只能将那凑来的一万多块钱,全部硬塞给了黄泽忠。
茶馆后院,,黄泽忠十分利索地将那一万多块钱现金塞进了自己内兜里。
还警惕地拍了拍,这才满意地咧嘴笑了笑。
然而,看着这笔自己砸锅卖铁凑出来的钱就这么交了出去,于国洪的心里就像是在滴血。
他和躲在远处的王明等人交换了一个眼神,心里始终觉得不踏实。
毕竟他们现在已经被逼得没有办法了。
这可是他们最后的底牌了。
于国洪硬着头皮上前一步,拦住了准备转身回茶馆的黄泽忠。
他尽量让自己的语气显得平稳,说道:“老黄,钱你拿了,这事儿咱们就算敲定了。”
“不过,防人之心不可无。咱们这次毕竟是一次性付了四万多块的全款。”
“为了大家心里都踏实,要不这样,你还是给我立个字据吧。”
于国洪从公文包里掏出纸笔递过去:
“也不用写得多复杂,就把咱们这前后总共交的金额数目,还有你承诺要交付的十万斤面粉和毛棉油的情况简单写上去。”
“签个字,咱们一人留一份,以后也算是有个凭证。
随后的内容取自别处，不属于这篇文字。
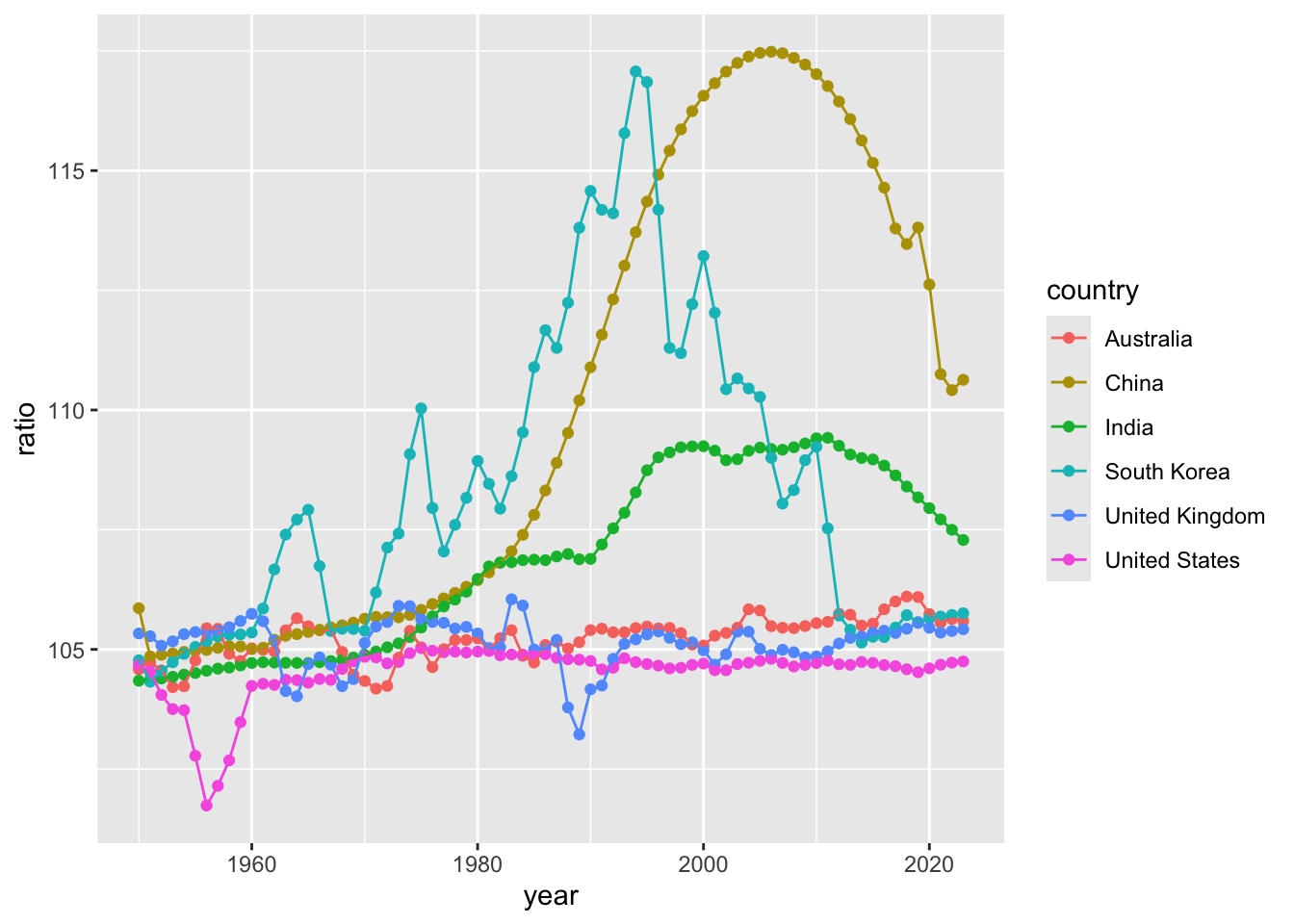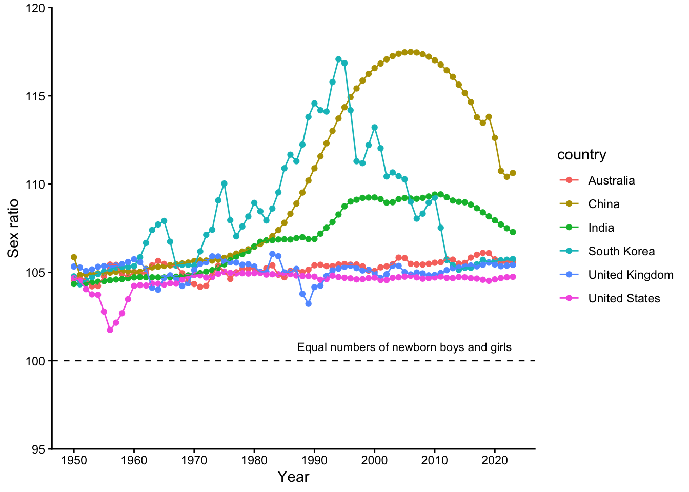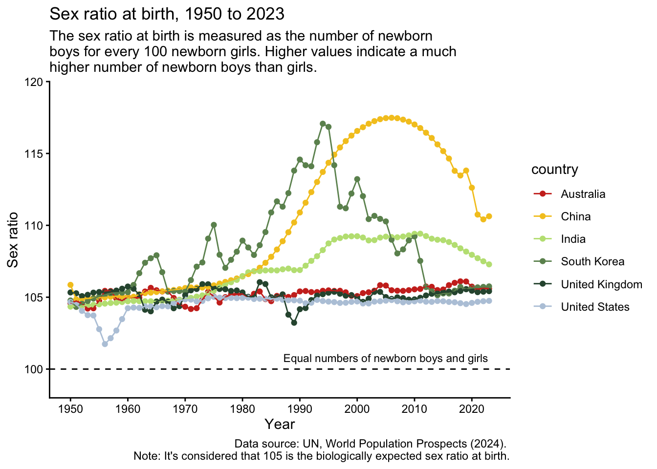 The plots at Our World in Data unpacking changes in sex ratio at birth across the world uncover some interesting outliers. Across the world it is typical for there to be slightly more boys born than girls. The sex ratio at conception is equal but across pregnancy, the risk of miscarriage is slightly higher for female than male fetuses, resulting in an average of 105 male to 100 female live births. But countries like China, India, and South Korea have much higher than average sex ratios.

”
黄泽忠看着递过来的纸笔,不仅没有去接,反而冷笑道:
“于厂长,您这是在跟我开什么国际玩笑?”
“写字据?这写字据是什么意思?怎么,打算留着去公安局告我啊?”
黄泽忠直接将纸笔推了回去,态度强地说道:
“您要是觉得不放心,那你们自己可以随便写字据给我。”
“但是我老黄,绝对不会在那上面签下我半个字!”
“于厂长,您是真糊涂还是装糊涂?”
“咱们私底下倒卖霉面粉、勾兑有毒的毛棉油,这特么做的是掉脑袋、杀头的买卖!”
“你让我在这上面写字据留凭证,你觉得这事儿是妥当,还是不妥当?!”
黄泽忠见于国洪脸色难看,他拍了拍装钱的口袋说道:
“于厂长,话我还是那句。”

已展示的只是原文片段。